**WHAT THE TASK REQUIRES:** Work through the listing below and give again exactly the lines from the one with "从基金范围来看,华泰柏瑞中证" to the one with "Method of operation", both ends included. All other lines and all pictures stay out.

**RECORD EXTRACTS:**
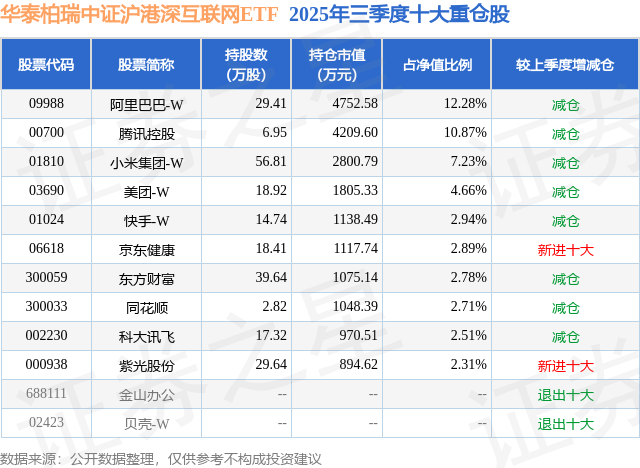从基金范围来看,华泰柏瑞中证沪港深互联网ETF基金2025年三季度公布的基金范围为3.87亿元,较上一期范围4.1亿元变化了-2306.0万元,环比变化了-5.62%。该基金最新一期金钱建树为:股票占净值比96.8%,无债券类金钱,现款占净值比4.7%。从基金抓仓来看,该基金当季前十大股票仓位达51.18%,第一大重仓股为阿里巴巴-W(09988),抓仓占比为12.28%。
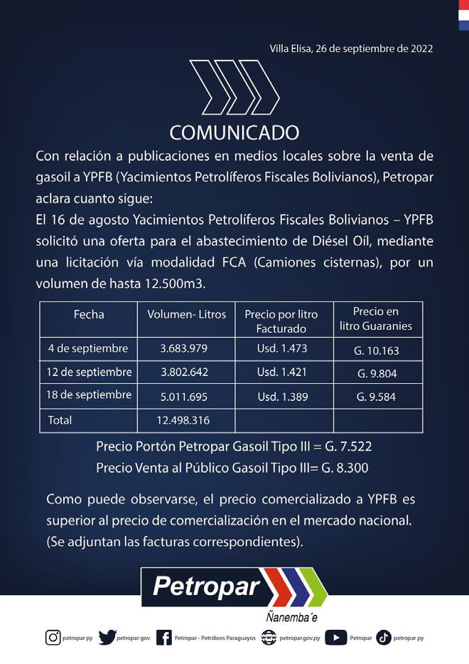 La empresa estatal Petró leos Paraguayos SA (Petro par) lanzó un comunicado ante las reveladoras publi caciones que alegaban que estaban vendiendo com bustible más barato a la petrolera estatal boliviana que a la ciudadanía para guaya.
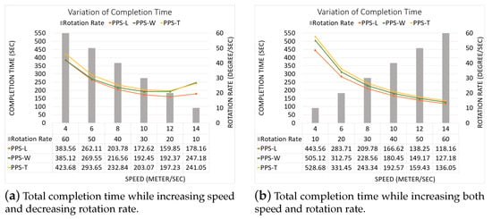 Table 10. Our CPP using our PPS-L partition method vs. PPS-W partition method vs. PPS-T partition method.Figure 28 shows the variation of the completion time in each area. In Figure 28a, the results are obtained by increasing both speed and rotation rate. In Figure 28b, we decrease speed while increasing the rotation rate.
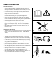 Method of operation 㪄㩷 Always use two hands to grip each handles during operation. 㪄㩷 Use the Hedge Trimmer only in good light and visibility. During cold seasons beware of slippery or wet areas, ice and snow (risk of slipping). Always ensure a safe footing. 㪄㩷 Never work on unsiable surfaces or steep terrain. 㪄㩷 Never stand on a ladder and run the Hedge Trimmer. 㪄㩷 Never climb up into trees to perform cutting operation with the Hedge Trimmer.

--

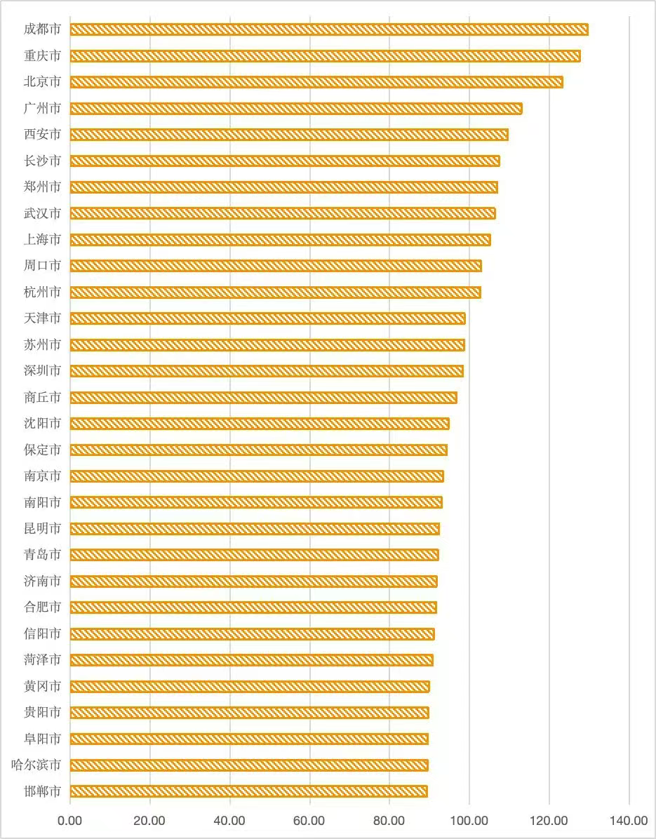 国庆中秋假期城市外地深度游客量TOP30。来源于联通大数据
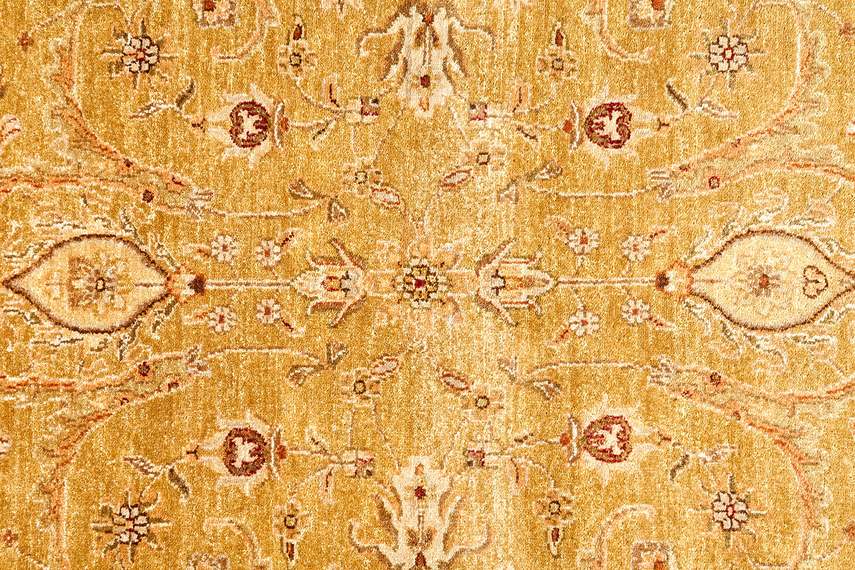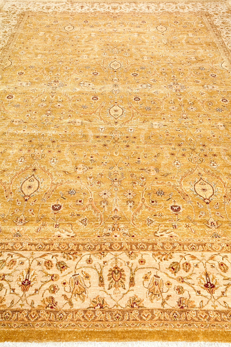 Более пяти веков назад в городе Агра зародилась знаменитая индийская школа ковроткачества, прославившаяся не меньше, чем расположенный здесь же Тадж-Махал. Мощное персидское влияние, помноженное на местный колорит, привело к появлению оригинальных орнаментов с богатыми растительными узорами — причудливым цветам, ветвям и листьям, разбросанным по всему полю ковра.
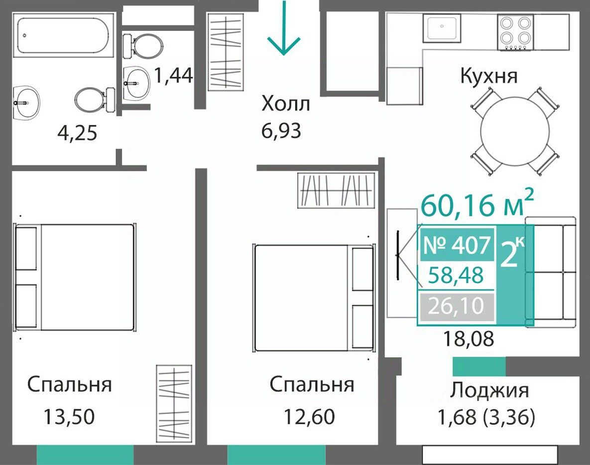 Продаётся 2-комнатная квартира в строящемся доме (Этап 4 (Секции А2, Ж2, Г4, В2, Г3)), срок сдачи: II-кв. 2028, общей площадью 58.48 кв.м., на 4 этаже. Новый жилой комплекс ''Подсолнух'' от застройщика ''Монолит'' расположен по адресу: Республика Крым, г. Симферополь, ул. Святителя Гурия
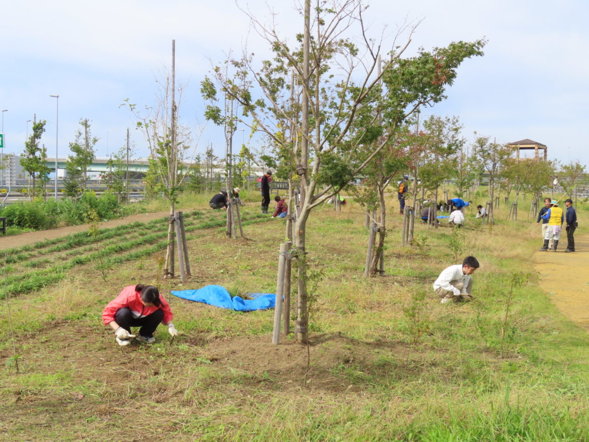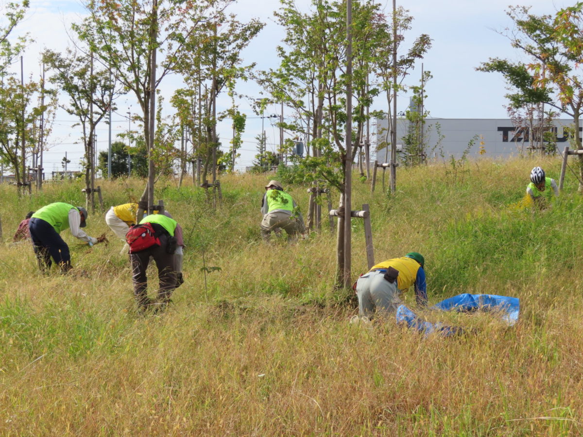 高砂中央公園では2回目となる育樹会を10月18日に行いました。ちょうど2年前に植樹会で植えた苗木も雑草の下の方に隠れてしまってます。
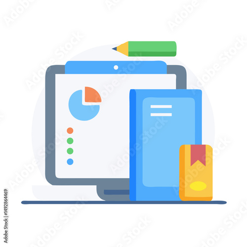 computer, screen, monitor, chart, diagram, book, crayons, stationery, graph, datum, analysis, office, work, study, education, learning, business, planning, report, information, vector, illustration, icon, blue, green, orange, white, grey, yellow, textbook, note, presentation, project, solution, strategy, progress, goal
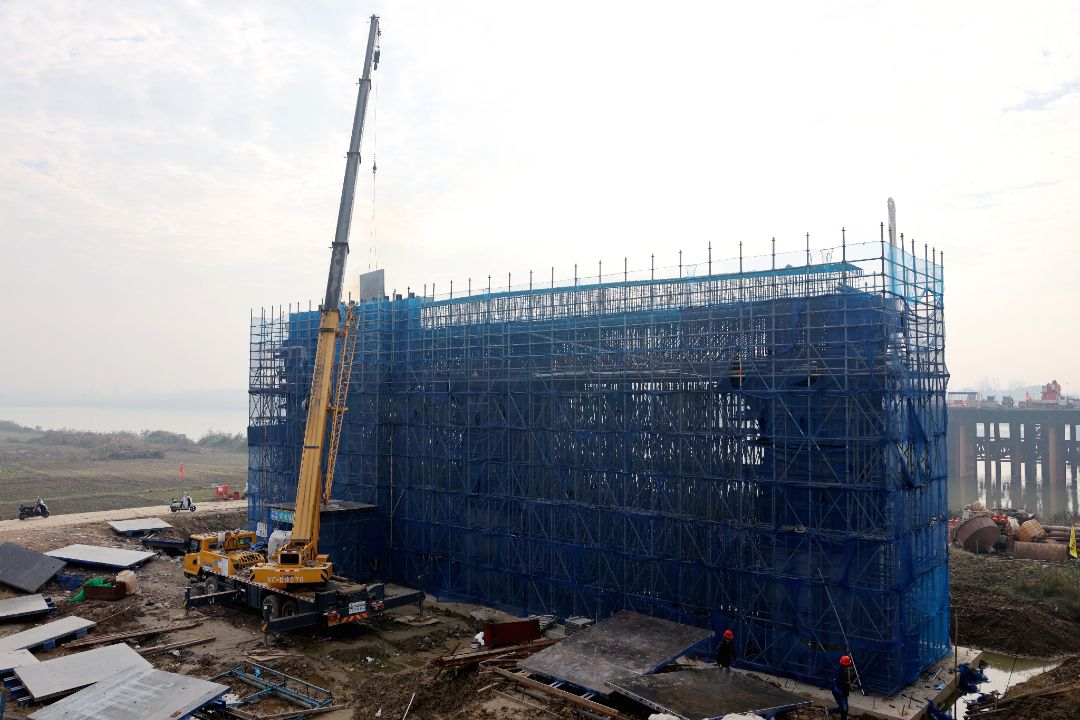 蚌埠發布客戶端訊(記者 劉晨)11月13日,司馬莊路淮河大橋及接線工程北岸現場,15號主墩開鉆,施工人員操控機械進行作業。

**ANSWER TO THIS PROBLEM:**
从基金范围来看,华泰柏瑞中证沪港深互联网ETF基金2025年三季度公布的基金范围为3.87亿元,较上一期范围4.1亿元变化了-2306.0万元,环比变化了-5.62%。该基金最新一期金钱建树为:股票占净值比96.8%,无债券类金钱,现款占净值比4.7%。从基金抓仓来看,该基金当季前十大股票仓位达51.18%,第一大重仓股为阿里巴巴-W(09988),抓仓占比为12.28%。
 La empresa estatal Petró leos Paraguayos SA (Petro par) lanzó un comunicado ante las reveladoras publi caciones que alegaban que estaban vendiendo com bustible más barato a la petrolera estatal boliviana que a la ciudadanía para guaya.
 Table 10. Our CPP using our PPS-L partition method vs. PPS-W partition method vs. PPS-T partition method.Figure 28 shows the variation of the completion time in each area. In Figure 28a, the results are obtained by increasing both speed and rotation rate. In Figure 28b, we decrease speed while increasing the rotation rate.
 Method of operation 㪄㩷 Always use two hands to grip each handles during operation. 㪄㩷 Use the Hedge Trimmer only in good light and visibility. During cold seasons beware of slippery or wet areas, ice and snow (risk of slipping). Always ensure a safe footing. 㪄㩷 Never work on unsiable surfaces or steep terrain. 㪄㩷 Never stand on a ladder and run the Hedge Trimmer. 㪄㩷 Never climb up into trees to perform cutting operation with the Hedge Trimmer.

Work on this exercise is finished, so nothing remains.